‘There is no sign…these people are about to blow themselves up into smithereens’

The World
Three men suspected in the Brussels bombings

The picture captures three men at the Brussels airport, all of them pushing metal luggage carts. Observers say these men have the trademark demeanor of ISIS bombers.

"Look at their expressions, they're calm. You can say they are almost casual and relaxed in the way they are walking into the airport," says New York Times correspondent Rukmini Callmachi, who wrote about this image. "There is no sign, at least physically, that these people are about to blow themselves up into smithereens."

Callimachi says witnesses who survived the ISIS attacks in Paris in November say they noticed the same calmness in the faces of those bombers, but toxicology reports found that remains of the ISIS attackers in Paris showed no signs of drugs.

"They're calm based on their ideology," says Callimachi.

Both the Paris attackers and the ones in Brussels used bombs made of triacetone triperoxide, or TATP. Callimachi says ISIS has become an expert in the use of this sometimes unpredicatable compound. 

"TATP has very much become ISIS's signature explosive," she says.

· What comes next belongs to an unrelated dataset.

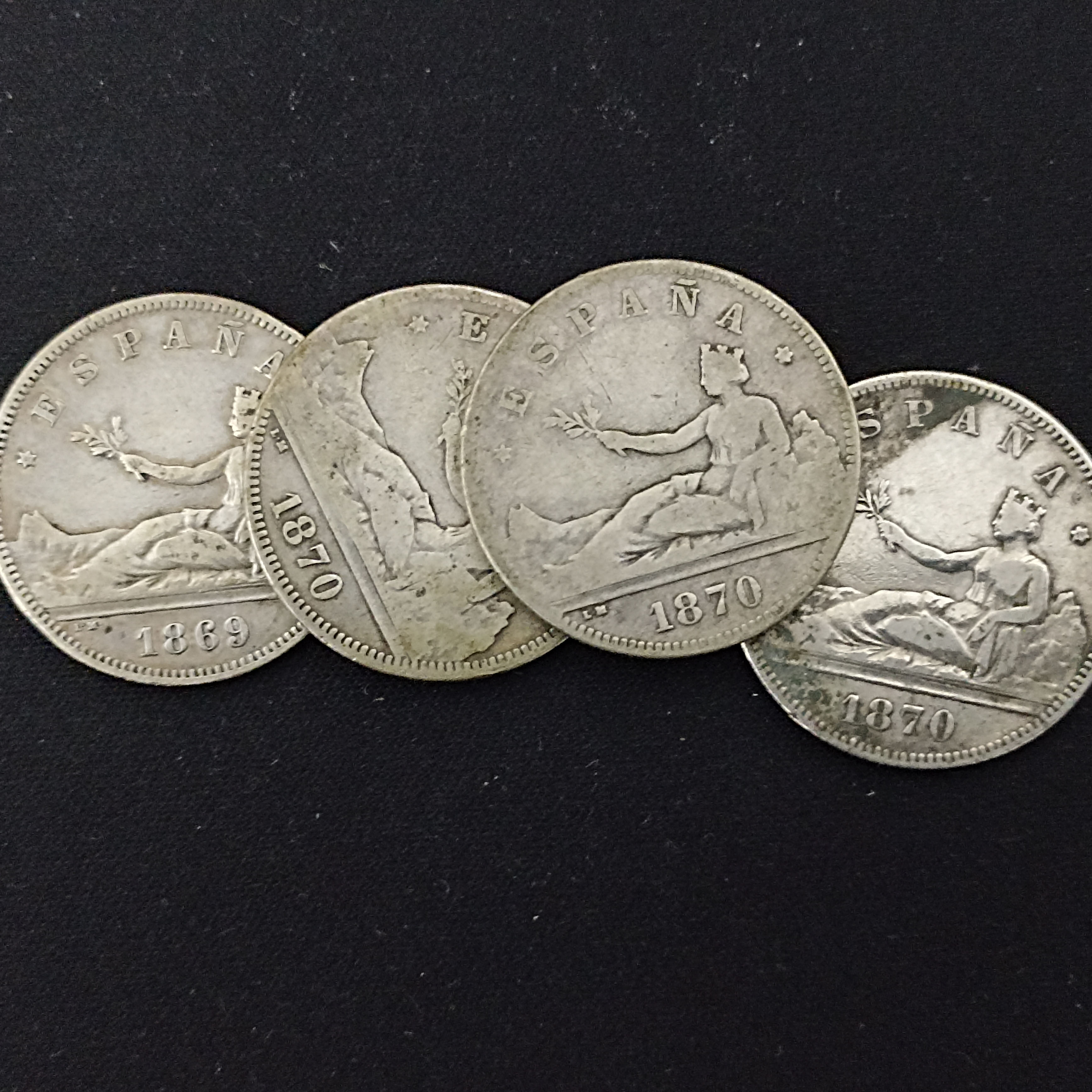2 Pesetas. AR. Lote de 4 monedas. 1869 y 1870 (3). MBC a BC. ...

Despite the fact that TATP is made from many household products, such as acetone used in nail polish remover and peroxide, which is in hair bleach, it is known the "mother of Satan" because many of the bombers who used the compound in the past have lost limbs.

But Callimachi says ISIS has had unprecendented success with TATP. 

"The problem with it is if you are not skilled in how to make it, the compound is volatile and so it's very easy to hurt yourself," she says. "The fact that the Paris attackers successfully detonated their bombs in seven different locations and now that we see that the Brussels bombers successfully did so in three different instances, twice at the airport and once at the metro is indicative of the growth of the operations wing of ISIS."

But despite the new more predicatable patterns being found among ISIS bombers, Callimachi says it's still very difficult for investigators in Europe to prevent these ISIS attacks.

"They are overwhelmed," she says, "It takes five policeman to be able to provide 24 hours surveillance of one suspect, and we now have hundreds and hundreds of suspects, I don't think they have the capacity."